{smcl}
{* 25nov2008}{...}
{hline}
help for {hi:bandplot}
{hline}
{title:Plot summary statistics of responses for bands of predictors}
{p 8 17 2}
{cmd:bandplot}
{it:yvar} {it:xvars}
[{it:weight}]
[{cmd:if} {it:exp}]
[{cmd:in} {it:range}]
[
{cmdab:cat:egorical(}{it:varlist}{cmd:)}
{cmdab:cont:inuous(}{it:varlist}{cmd:)}
{cmd:dta(}{it:filename} [{cmd:,} {it:save_options}]{cmd:)}
{cmdab:miss:ing}
{cmdab:nq:uantiles(}{it:#}{cmd:)}
{cmdab:s:tatistics(}{it:stat} [{it:stat} ... ]{cmd:)}
{cmd:xweighted}
{p 17 17 2}
{cmd:bandopts(}{it:over_subopts}{cmd:)}
{cmdab:nu:mber}
{cmd:recast(}{cmd:hbar} | {cmd:bar}{cmd:)}
{cmd:xopts(}{it:over_subopts}{cmd:)}
{cmd:xvarlabels}
{cmd:yvarlabels}
{it:graph_options}
]
{p 8 17 2}
{cmd:bandplot}
({it:yvars}) {it:xvars}
[{it:weight}]
[{cmd:if} {it:exp}]
[{cmd:in} {it:range}]
[
{cmd:,}
{cmdab:cat:egorical(}{it:varlist}{cmd:)}
{cmdab:cont:inuous(}{it:varlist}{cmd:)}
{cmd:dta(}{it:filename} [{cmd:,} {it:save_options}]{cmd:)}
{cmdab:miss:ing}
{cmdab:nq:uantiles(}{it:#}{cmd:)}
{cmdab:s:tatistics(}{it:stat}{cmd:)}
{cmd:xweighted}
{p 17 17 2}
{cmd:bandopts(}{it:over_subopts}{cmd:)}
{cmdab:nu:mber}
{cmd:recast(}{cmd:hbar} | {cmd:bar}{cmd:)}
{cmd:xopts(}{it:over_subopts}{cmd:)}
{cmd:xvarlabels}
{cmd:yvarlabels}
{it:graph_options}
]
{p 4 4 2}
{cmd:aweight}s and {cmd:fweight}s may be specified.
{title:Description}
{p 4 4 2}
{cmd:bandplot} produces plots showing summary statistics of one or more
response variables for bands of one or more predictor variables.
{p 4 4 2}
By default, {cmd:bandplot} is a wrapper for {help graph dot}.
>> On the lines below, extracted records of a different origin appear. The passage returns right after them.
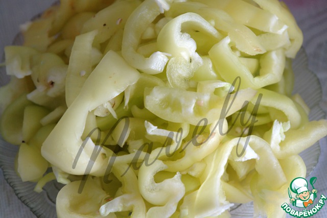 Болгарский перец нарезаем полосками 1 см. толщиной.
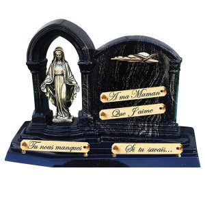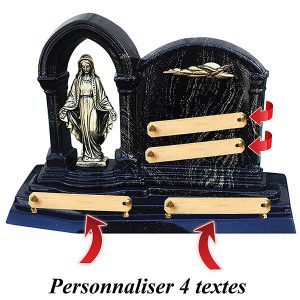 La taille du texte gravé est de 14×2.2 cm, ce qui permet une bonne lisibilité et une personnalisation selon vos souhaits. Les motifs en bronze représentent une vierge et une colombe, symboles de paix et de spiritualité.
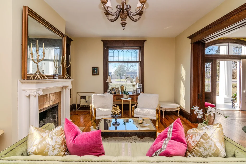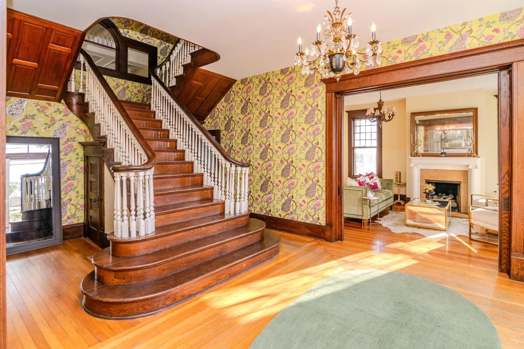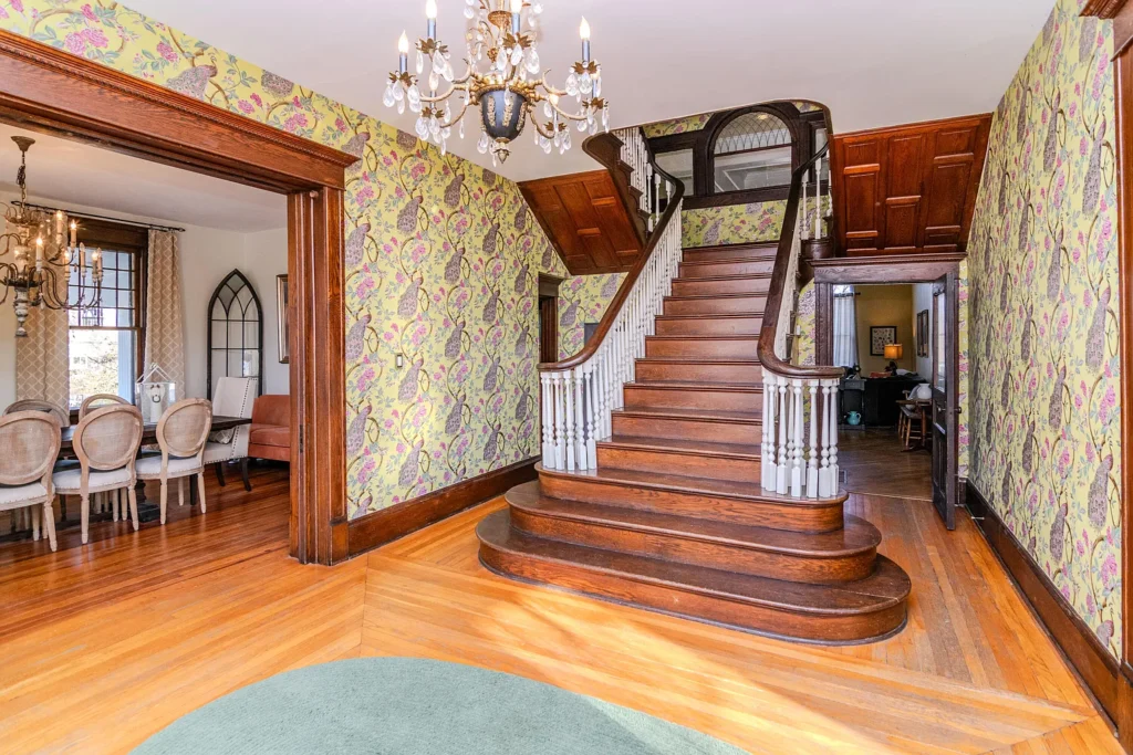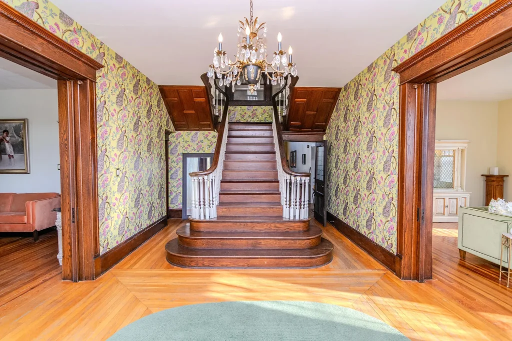 A breathtaking foyer welcomes you with a sweeping staircase and exquisite architectural details ✨, while the formal living room showcases intricate moldings and sun-filled windows 🌞.
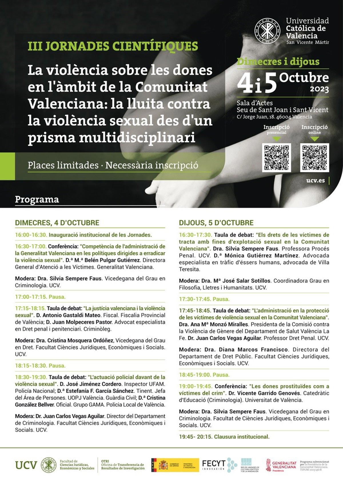 La Facultat de Cincies Jurídiques, Econmiques i Socials de la Universitat Catlica de Valncia (UCV), en collaboració amb el Ministeri de Cincia i Innovació i Presidncia de la Generalitat Valenciana, celebrar a partir d'aquest dimecres i fins al dijous les III Jornades Científiques 'La Violncia sobre les dones en l'mbit de la Comunitat Valenciana: la lluita contra la violncia sexual des d'un prisma multidisciplinari'.

Optionally, {cmd:bandplot} can be specified to be a wrapper for
{help graph hbar} or {help graph bar}.
{p 4 4 2}
There are two syntaxes. In the first, {cmd:bandplot} takes the first
variable in a {it:varlist} to be a response variable {it:yvar}, which is
summarised for observations in each of various bands of the other predictor
variables {it:xvars}. In the second, {cmd:bandplot} takes two or more
variables specified first within parentheses {cmd:()} as being response
variables {it:yvars}; all subsequent variables are then taken to be
predictors {it:xvars}.
{p 4 4 2}
By default, {cmd:bandplot} shows means. Any other statistics produced by
{help summarize} may be specified. Note that with two or more {it:yvars}
only one statistic may be shown.
{p 4 4 2}
Bands are to be interpreted as follows. By default numeric variables are
divided into quantile-based bands. (By default in turn quartile-based
bands are used.) Alternatively, variables can be declared explicitly or
implicitly as categorical, in which case the distinct values of each
such variable are used as bands. Any string variables specified as
{it:xvars} are treated as categorical, regardless of any other
specifications. No string variables may be specified as {it:yvars}.
{title:Remarks}
{p 4 4 2}
{cmd:bandplot} does not draw plots based on coloured bands.
If your search for those or similar plots has led you
here, check out {help twoway rarea}. The name used here is not standard,
but nor apparently is any other name used routinely for what is plotted
by this command.
{p 4 4 2}
The idea of showing summaries of responses for bands of one or more
predictors evidently has a long history, which is difficult to trace.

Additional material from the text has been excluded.